EXERCISE BRIEF :: Everything from the line with "Philippe VI Écu" down to the line with "Пулемет стал настоящим" below must be printed exactly, those two lines included. Exclude pictures.
INFORMATION GIVEN section start
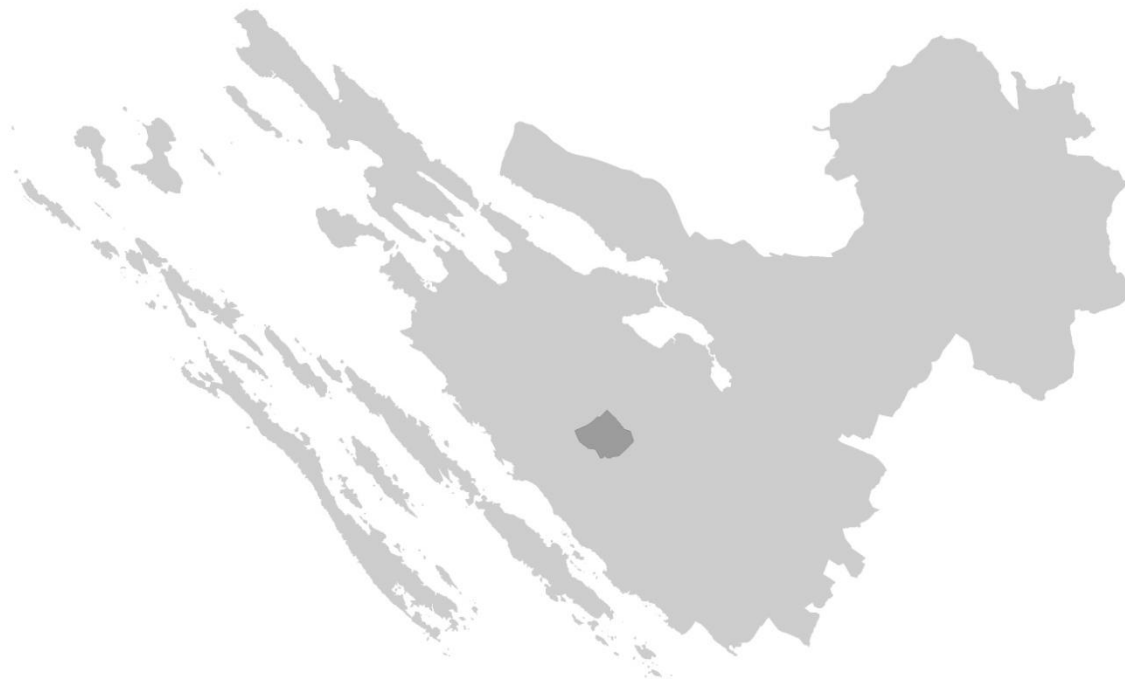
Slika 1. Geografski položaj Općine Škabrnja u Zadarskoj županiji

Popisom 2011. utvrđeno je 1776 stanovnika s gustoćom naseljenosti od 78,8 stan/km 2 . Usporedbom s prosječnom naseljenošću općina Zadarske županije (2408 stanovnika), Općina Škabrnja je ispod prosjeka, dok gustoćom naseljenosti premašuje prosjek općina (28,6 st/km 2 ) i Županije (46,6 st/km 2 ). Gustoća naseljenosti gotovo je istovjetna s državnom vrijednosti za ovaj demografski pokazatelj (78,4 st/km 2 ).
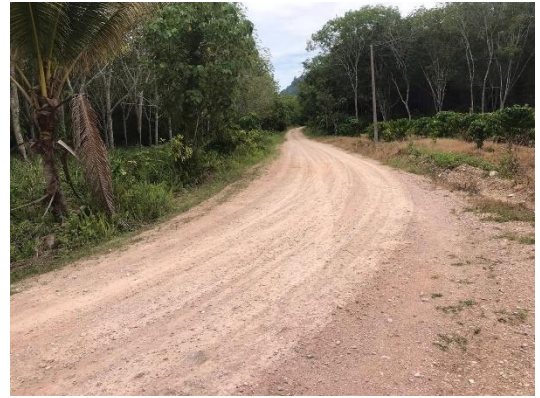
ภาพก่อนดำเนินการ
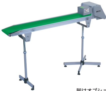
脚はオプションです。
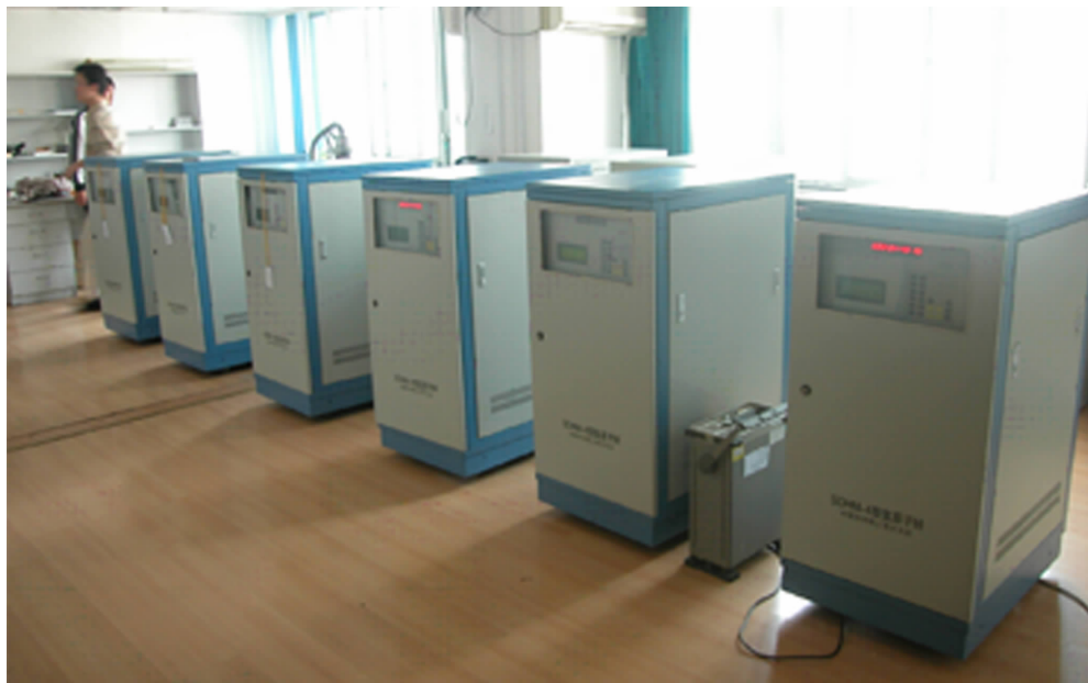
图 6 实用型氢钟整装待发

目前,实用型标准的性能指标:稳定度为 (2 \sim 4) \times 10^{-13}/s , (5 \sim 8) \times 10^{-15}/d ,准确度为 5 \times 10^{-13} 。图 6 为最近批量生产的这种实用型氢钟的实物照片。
INFORMATION GIVEN section end
INFORMATION GIVEN section start
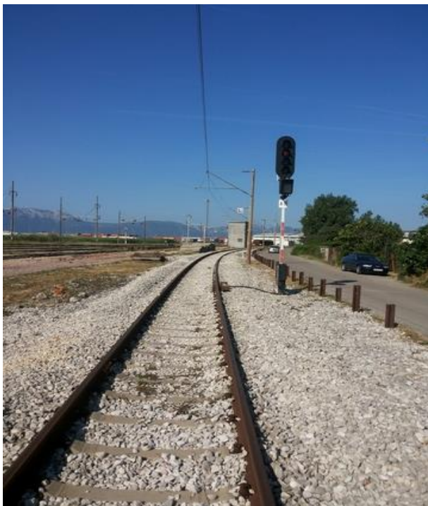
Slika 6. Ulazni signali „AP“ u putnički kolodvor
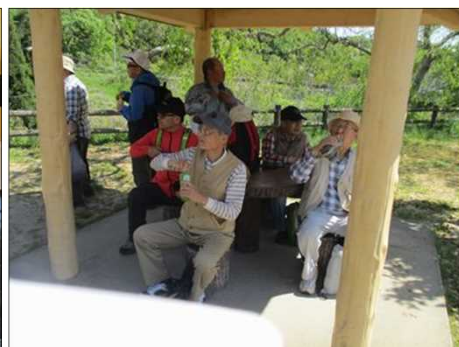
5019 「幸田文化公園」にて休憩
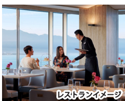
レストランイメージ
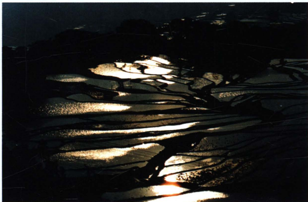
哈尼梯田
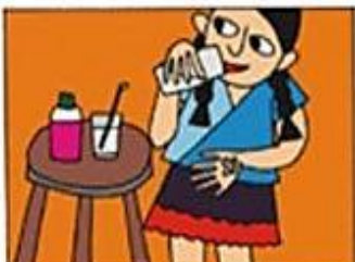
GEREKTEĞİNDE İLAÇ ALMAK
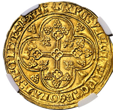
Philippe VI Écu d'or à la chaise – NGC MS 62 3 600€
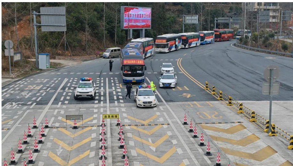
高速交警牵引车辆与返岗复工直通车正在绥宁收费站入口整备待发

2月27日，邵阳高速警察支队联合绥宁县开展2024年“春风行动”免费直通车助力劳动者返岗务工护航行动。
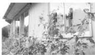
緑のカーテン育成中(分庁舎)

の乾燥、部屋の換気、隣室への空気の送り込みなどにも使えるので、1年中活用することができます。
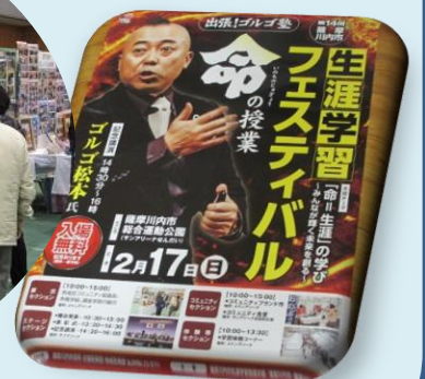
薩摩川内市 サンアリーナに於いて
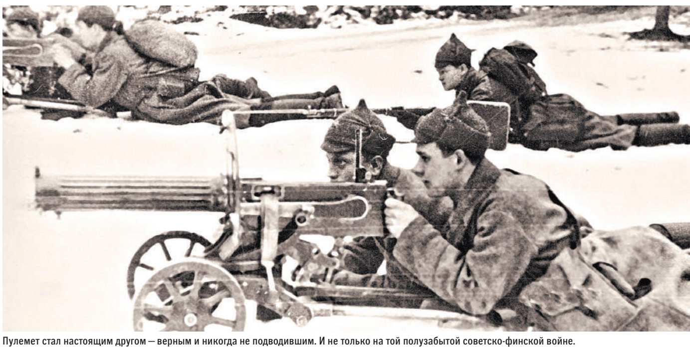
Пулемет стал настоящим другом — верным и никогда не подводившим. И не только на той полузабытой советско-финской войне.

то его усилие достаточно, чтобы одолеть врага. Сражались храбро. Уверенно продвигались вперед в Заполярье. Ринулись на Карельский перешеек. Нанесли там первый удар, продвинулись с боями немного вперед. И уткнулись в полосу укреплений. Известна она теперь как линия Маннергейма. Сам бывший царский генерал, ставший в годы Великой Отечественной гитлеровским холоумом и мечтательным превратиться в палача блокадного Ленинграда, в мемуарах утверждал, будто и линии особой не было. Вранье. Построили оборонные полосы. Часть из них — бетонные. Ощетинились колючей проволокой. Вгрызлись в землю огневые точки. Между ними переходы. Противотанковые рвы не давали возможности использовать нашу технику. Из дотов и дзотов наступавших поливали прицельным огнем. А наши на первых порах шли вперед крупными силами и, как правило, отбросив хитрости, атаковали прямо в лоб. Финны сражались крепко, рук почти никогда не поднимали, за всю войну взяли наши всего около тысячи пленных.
INFORMATION GIVEN section end
INFORMATION GIVEN section start
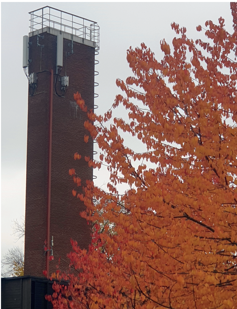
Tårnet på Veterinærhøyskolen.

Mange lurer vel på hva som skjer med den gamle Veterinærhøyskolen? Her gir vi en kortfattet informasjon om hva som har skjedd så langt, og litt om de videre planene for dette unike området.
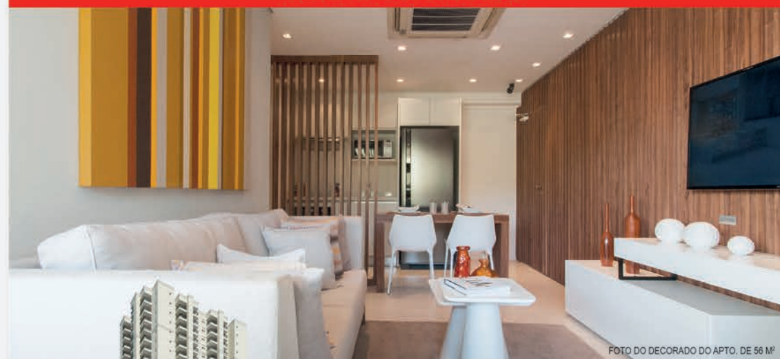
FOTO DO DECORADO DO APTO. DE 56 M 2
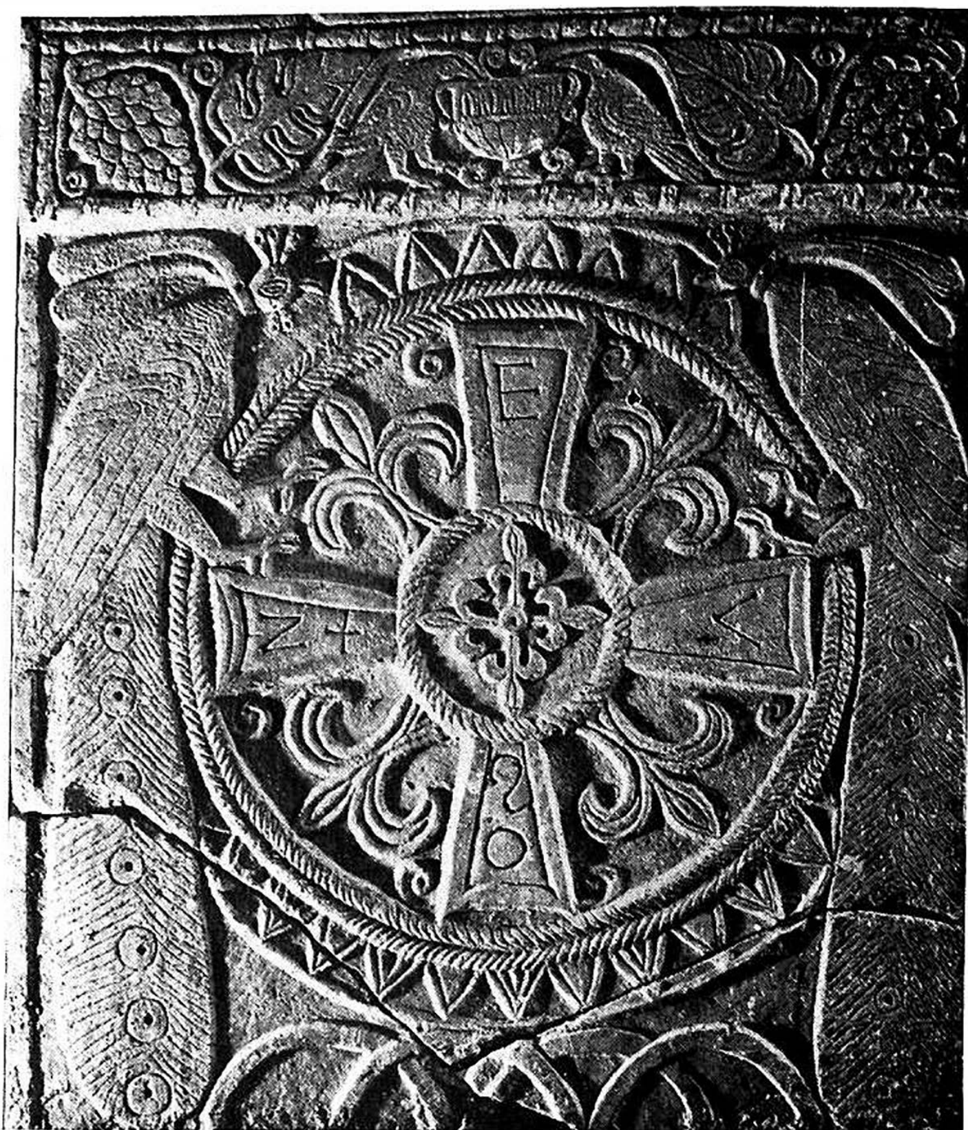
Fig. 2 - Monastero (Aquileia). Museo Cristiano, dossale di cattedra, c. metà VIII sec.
INFORMATION GIVEN section end
RESPONSE ::
Philippe VI Écu d'or à la chaise – NGC MS 62 3 600€
高速交警牵引车辆与返岗复工直通车正在绥宁收费站入口整备待发

2月27日，邵阳高速警察支队联合绥宁县开展2024年“春风行动”免费直通车助力劳动者返岗务工护航行动。
緑のカーテン育成中(分庁舎)

の乾燥、部屋の換気、隣室への空気の送り込みなどにも使えるので、1年中活用することができます。
薩摩川内市 サンアリーナに於いて
Пулемет стал настоящим другом — верным и никогда не подводившим. И не только на той полузабытой советско-финской войне.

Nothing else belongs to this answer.